Приходила мать, заглянули пара приятелей и подружка. Потом мне ставили банки, заставляли вставать, есть — все это прошло в тумане как дурной фильм. Голова слегка прояснилась только к вечеру. И боль чуток отпустила. Оркестр затих. Глаза сфокусировались, как объективы.

На улице щебетали птицы. Под потолком, у белого светящегося шара, кружились мухи. Жизнь продолжалась.

А в нашей палате было тихо, все замерло, словно на фотографии. Капитан спал. Пахомыч гладил себя обеими руками по животу, кряхтел. Несчастный раковый дедушка тихо постанывал. Серый с интересом читал газету «Труд». Он был похож на сову в черном парике с челкой. Филиппыч — стальное горло, лежал на своей кровати и смотрел на облупленный больничный потолок, шевелил морковными губами, моргал.

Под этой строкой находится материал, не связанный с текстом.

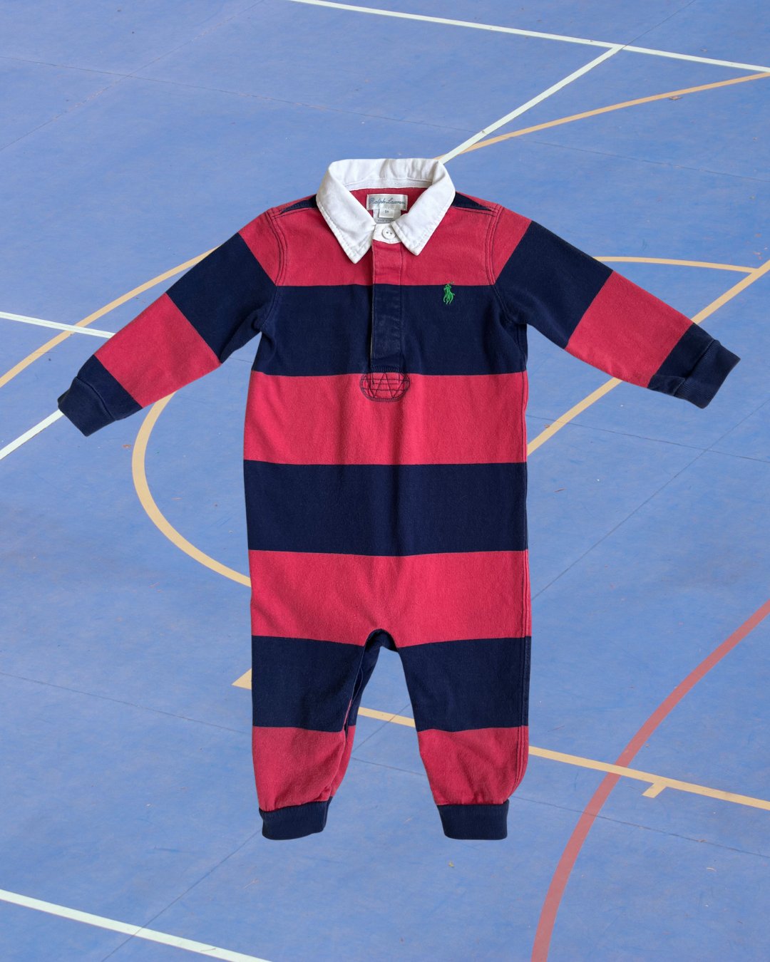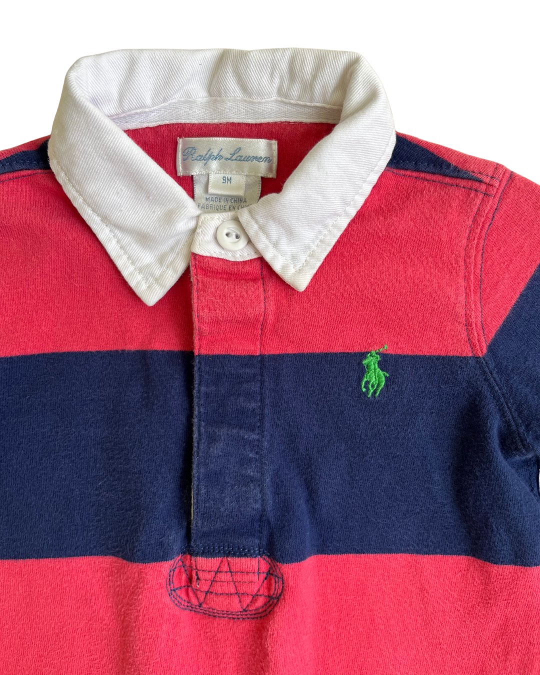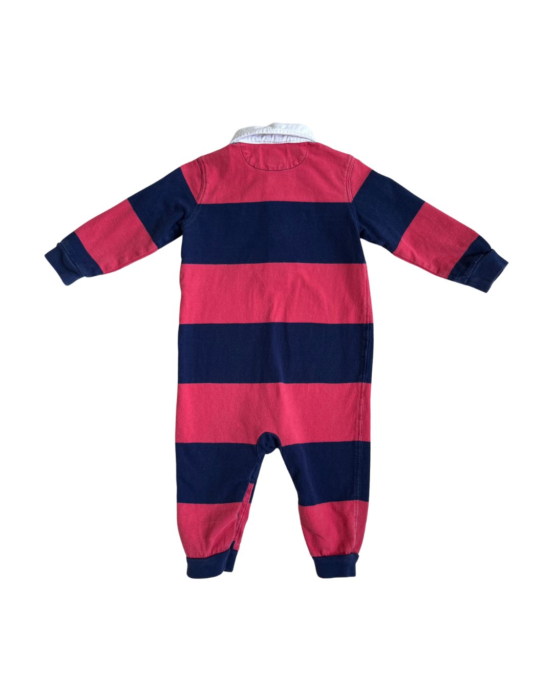 Absolutely love this rugby style Ralph Lauren coverall with salmon and navy stripes. 100% cotton.

Дедушка Типенко вдруг дернулся, как будто его молния ударила, затрясся и громко застонал. Схватился за сердце. Капитан зашевелился, попытался лечь на бок, зарычал от боли… Серый отложил Труд в сторону, бодро соскочил с кровати и, радуясь тому, что может кому-то что-то сообщить, побежал звать Ванятку. Пахомыч пробурчал: Ну, будут теперь охи да ахи! Вот. бля, жизнь пошла. Деда в морг надо, а не сюда. А капитана привязать, а то брюхо раскроется. Вот, медицина Страны Советов. Вот она, забота о народе.

Типенко стонал все громче. Неожиданно я понял, что он не стонет, а просит. Умоляет кого-то.

— Сердешная, сердешная, отпусти меня, отпусти… Предо мной смерть стоит. Косой сердце режет… Косой. Сердце. Режет… Сердешная… Сердешная… Отпусти, Броня, дай помереть спокойно…

Речь его прервалась. Мне показалось, что та часть палатного пространства, где лежал Типенко, опустела.

В комнату вбежали медбрат и Серый. Ванятка деловито взял костлявую руку старичка, пощупал пульс, вздохнул, затем закрыл тело одеялом, снял койку, стоящую на колесиках, с торомозов, посмотрел укоризненно на нас, и увез Типенко из палаты. А через некоторое время привез пустую койку назад. На ней лежало свежее серое белье и старое одеяло.

Филиппыч икнул, тяжело закашлялся и прошипел: Царство небесное, вечный покой… В приемном покое вместе ночью были. Говорил. Студенька просил принести. С хреном. Того-этого. Надо покурить пойти. Тяжело, когда человек в сырую землю идет…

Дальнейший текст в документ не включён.